Two prompt rules carry the weight: footnote everything, and don’t speculate about why-it-happened beyond the proximate cause. The first kills hallucination. The second kills “the team didn’t follow process” boilerplate that everyone hates.

5. Footnote Validation

Trust nothing. After the model returns the narrative, validate that every footnote points to a real timeline index.

# validate/footnotes.py
import re

FOOTNOTE_RE = re.compile(r"\[\^(\d+)\]")

def validate_footnotes(narrative: Narrative, timeline: list[dict]) -> list[str]:
    issues = []
    max_idx = len(timeline) - 1
    for field in narrative.model_fields:
        text = getattr(narrative, field)
        for match in FOOTNOTE_RE.finditer(text):
            idx = int(match.group(1))
            if idx > max_idx or idx < 0:
                issues.append(f"{field}: footnote [^{idx}] out of range")
    # also check the model didn't leave unfootnoted paragraphs
    for field in ("what_happened", "why_it_happened", "what_we_did"):
        text = getattr(narrative, field)
        if not FOOTNOTE_RE.search(text):
            issues.append(f"{field}: no footnotes, likely hallucinated")
    return issues

If validation produces issues, retry the draft once with the issues listed in the user message.

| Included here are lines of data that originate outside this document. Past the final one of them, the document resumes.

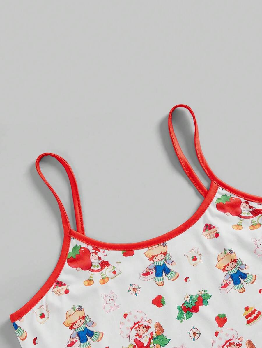 Ensemble pyjama femme constitué d'un debardeur ringer à volant avec imprimé figure de dessin animé et fraise, et d'un short, dans un style décontracté et mignon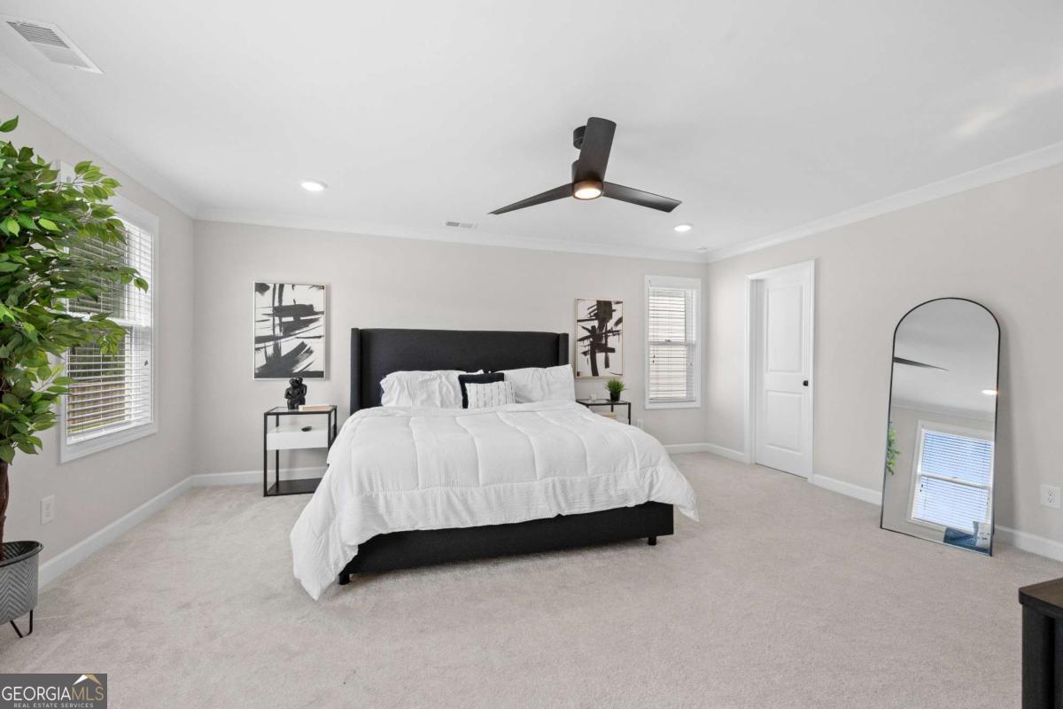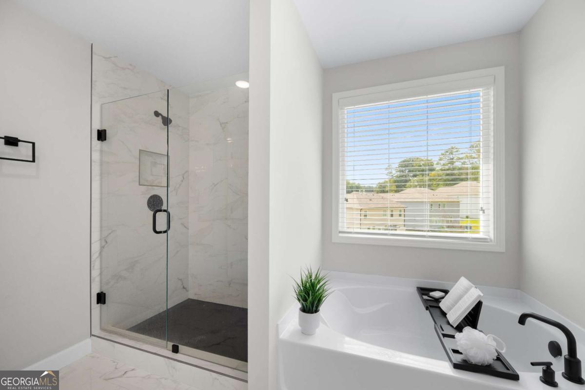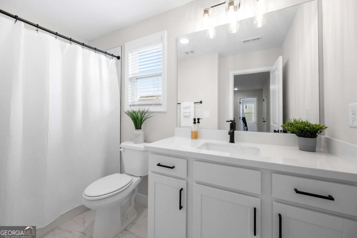 Welcome to your dream home in the heart of Mableton! This spacious 4-bedroom, 2.5-bath home beautifully combines comfort, style, and thoughtful upgrades-over $50,000 in premium enhancements installed by the seller. From the moment you enter, you're welcomed by a versatile flex space-perfect for a home office, formal dining room, or creative retreat. The open-concept design flows effortlessly into a cozy fireside living room and a chef's kitchen boasting an oversized island, upgraded vent hood, abundant counter space, and cabinetry designed for both everyday living and effortless entertaining. Upstairs, the primary suite offers a true retreat with a spa-like bath featuring a walk-in shower, soaking tub, and expansive closet space. Step outside and enjoy the covered patio overlooking a fully irrigated front and backyard-an ideal setting for outdoor dining, entertaining, or simply relaxing year-round. Inside, whole-house surround sound creates the perfect atmosphere whether you're hosting friends or enjoying a quiet evening in. Additional highlights include a 2-car garage and an unbeatable location near shopping, dining, and commuter routes.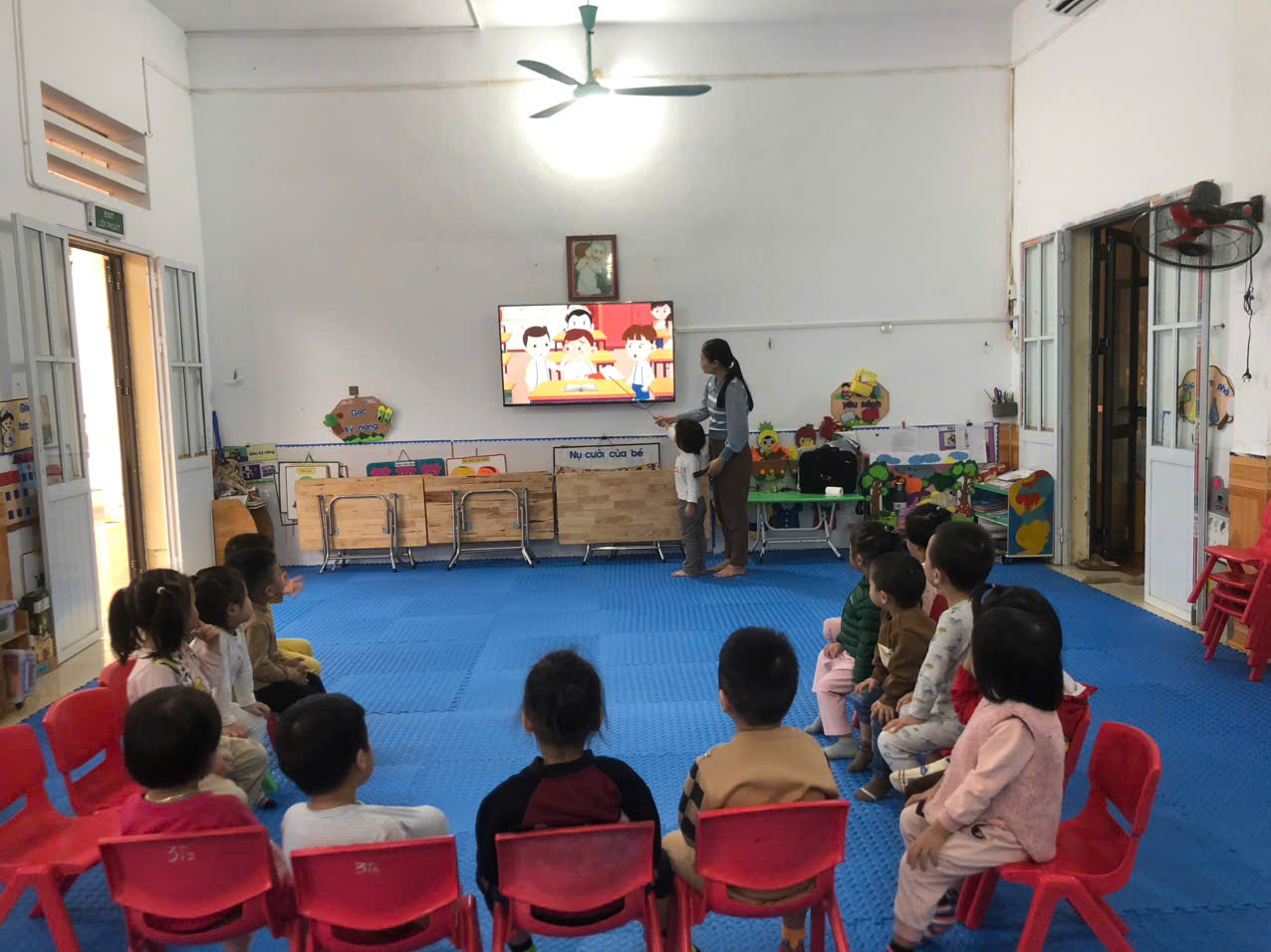 - Cô dạy trẻ nói lời cảm ơn xin lỗi với các tình huống cô đưa ra.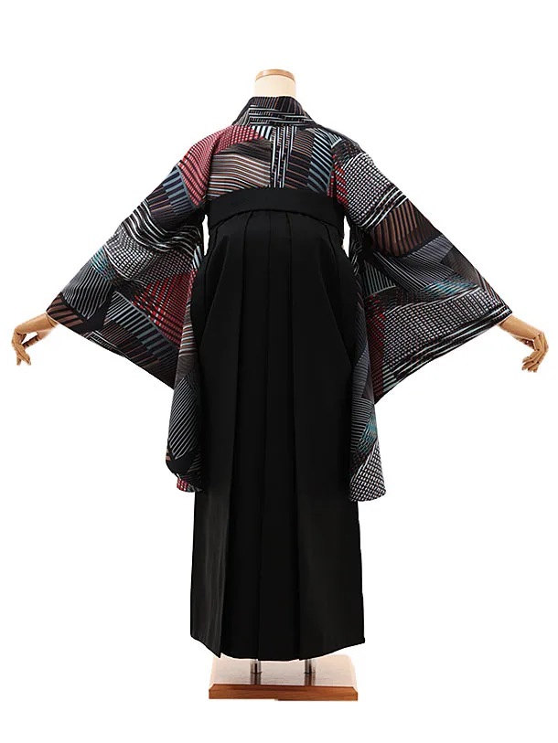 卒業式袴レンタルV464 ラフィネモカ ブルーブラックアラベスク×黒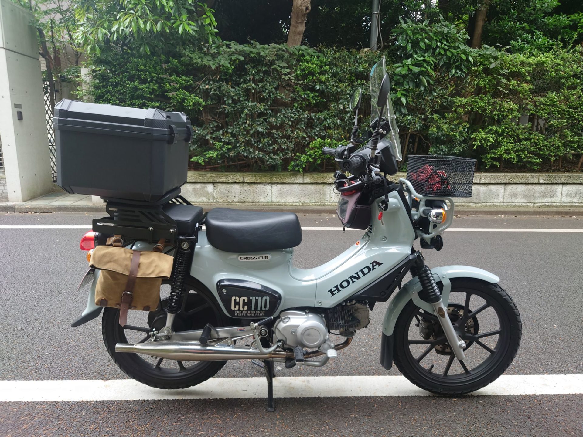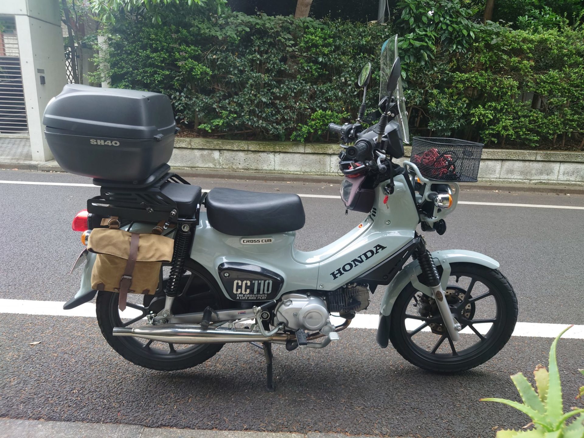 クロスカブのリアボックス。SHADの40Lを使っていたが意外と使いづらい。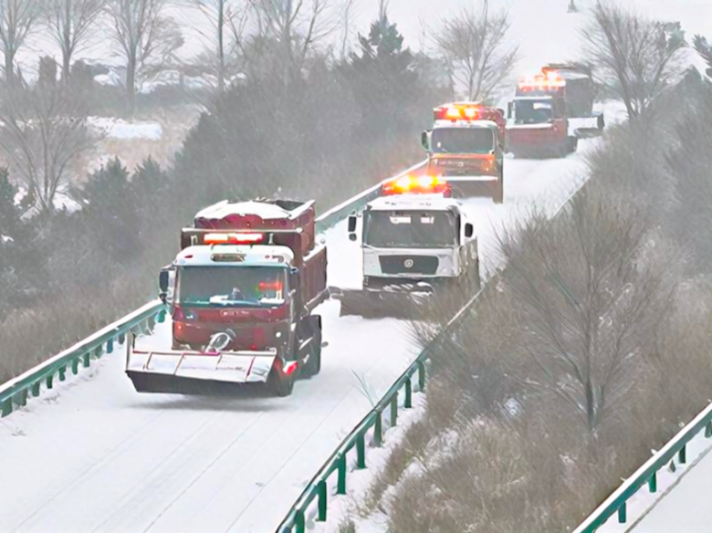 降雪前,交通集团专项部署低温雨雪冰冻天气防范工作,蒙通养护公司压实责任,制定《除雪调度方案》,明确职责划分,并完成103支应急队伍、1125名养护人员集结,检修除雪车、装载机等专业设备,在急弯陡坡等重点路段预置防滑料等6720吨,设立27处应急预置点,构建“人员、设备、物资、预案”四到位的防控体系。同时深化“一路多方”联动机制,与交警、路政、气象等部门实时共享路况、气象信息,划定责任区域,确保响应无延迟,清雪除冰实现“一键提速”。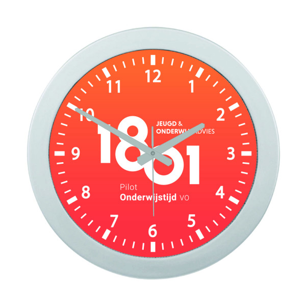 Wandklok rond quartz met kunststof rand en echt glas. Wijzers in zwart, wit of zilver, secondewijzers in rood, zilver of zwart. De wijzerplaat is geheel naar wens te bedrukken in full colour. Optioneel kan de rand van de klok in de eigen huisstijlkleur geleverd worden. Het uurwerk heeft een slepende secondewijzer en tikt dus niet. GRATIS ontwerpservice voor uw klok!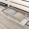 Das Hack Regal für Schrankzubehör hat ein minimalistisches Design, das sich durch seine strukturierte Oberfläche in Steingrau oder Schwarz auszeichnet, was der neueste Trend bei der Gestaltung von Schränken in Schlafzimmern und Ankleidezimmern ist. Es erreicht eine komfortablere Kleideraufbewahrung dank seines sanften Schließens und der teilweisen Extraktionsführungen, die es ermöglichen, den Rahmen langsam und leise zu öffnen und zu schließen, um Stöße zu vermeiden, sorgen für eine komfortablere Kleideraufbewahrung und verdecken die Führungen.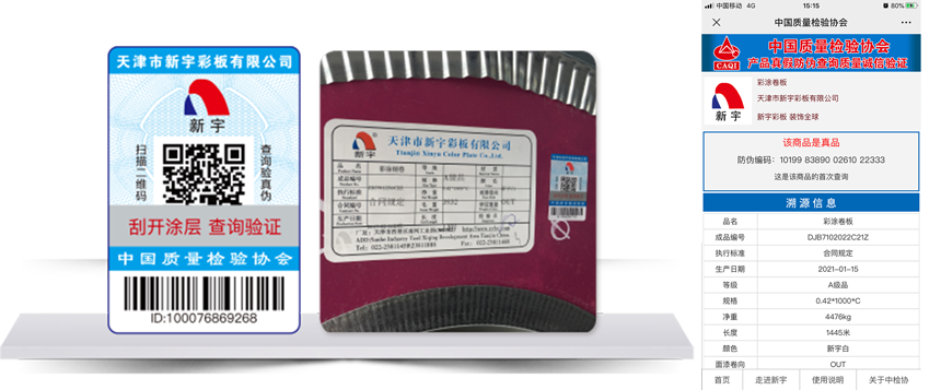 企業(yè)在生產(chǎn)過程中,將產(chǎn)品的編號、執(zhí)行標(biāo)準(zhǔn)、生產(chǎn)等級、生產(chǎn)日期、產(chǎn)品規(guī)格和質(zhì)檢員等一系列生產(chǎn)溯源信息打印到標(biāo)簽上,并自動將溯源信息與二維碼進(jìn)行關(guān)聯(lián)。購買產(chǎn)品后可以直觀查看標(biāo)簽上的產(chǎn)品溯源信息,還可以掃描二維碼在查驗(yàn)產(chǎn)品的真?zhèn)蔚耐瑫r(shí),同步核查掃碼頁面的溯源信息與標(biāo)簽上的信息是否一致,從而實(shí)現(xiàn)產(chǎn)品的生產(chǎn)流程追溯。

Don’t retry more than once — the model rarely improves on a third pass.

6. Rendering the Markdown

Final rendering is mechanical. Timeline is a table, narrative has its footnotes hyperlinked back to the timeline.

# render/markdown.py
def render(doc: dict) -> str:
    timeline = doc["timeline"]
    n = doc["narrative"]
    out = [
        f"# {doc['title']}",
        "",
        f"**Status**: {doc['status']}  |  **Severity**: {doc['severity']}",
        f"**Detected**: {doc['window']['detected_at']}  |  "
        f"**Resolved**: {doc['window']['resolved_at']}",
        "",
        "## Impact",
        f"- Users affected: {doc['impact']['users_affected']}",
        f"- Duration: {doc['impact']['duration_minutes']} minutes",
        f"- Revenue estimate: ${doc['impact']['revenue_estimate_usd']:,}",
        "",
        "## Summary", "", n["summary"], "",
        "## What happened", "", n["what_happened"], "",
        "## Why it happened (proximate)", "", n["why_it_happened"], "",
        "## What we did", "", n["what_we_did"], "",
        "## What we learned (draft)", "", n["what_we_learned"], "",
        "## Timeline", "",
        "| Time | Source | Event |",
        "|------|--------|-------|",
    ]
    for i, e in enumerate(timeline):
        link = f"[link]({e['source_url']})" if e.get("source_url") else ""
        out.append(f"| [{i}] {e['at']} | {e['source']} {link} | {e['event']} |")
    return "\n".join(out)

The [N] index in the timeline table matches the [^N] footnotes in the narrative. Click-through navigation works in any decent markdown renderer.

7. The Pull Request

The pipeline writes the postmortem to a git repo as a PR. The reviewer is the incident commander.

# pipeline/run.py
async def run(pd_incident_id: str):
    timeline = await collect_timeline(pd_incident_id)
    impact = await estimate_impact(pd_incident_id)
    narrative = await draft(timeline, impact)
    issues = validate_footnotes(narrative, timeline)
    if issues:
        narrative = await draft(timeline, impact, retry_issues=issues)
        # second pass; if still bad, ship with TODOs
    doc = {
        "incident_id": pd_incident_id,
        "title": f"{summarize_title(timeline)}, {timeline[0]['at'][:10]}",
        "status": "draft",
        "severity": detect_severity(pd_incident_id),
        "window": {
            "detected_at": timeline[0]["at"],
            "resolved_at": find_resolved_at(timeline),
        },
        "impact": impact,
        "timeline": timeline,
        "narrative": narrative.model_dump(),
    }
    md = render(doc)
    await open_pr(
        path=f"postmortems/{pd_incident_id}.md",
        content=md,
        title=f"Postmortem draft: {doc['title']}",
        body="Auto-generated draft. Please review timeline accuracy and "
             "rewrite the narrative as needed.",
        reviewers=[commander_for(pd_incident_id)],
    )

The PR description sets the right expectation. This is a draft. Verify the timeline. Rewrite the narrative. The model is a starting point, not the final word.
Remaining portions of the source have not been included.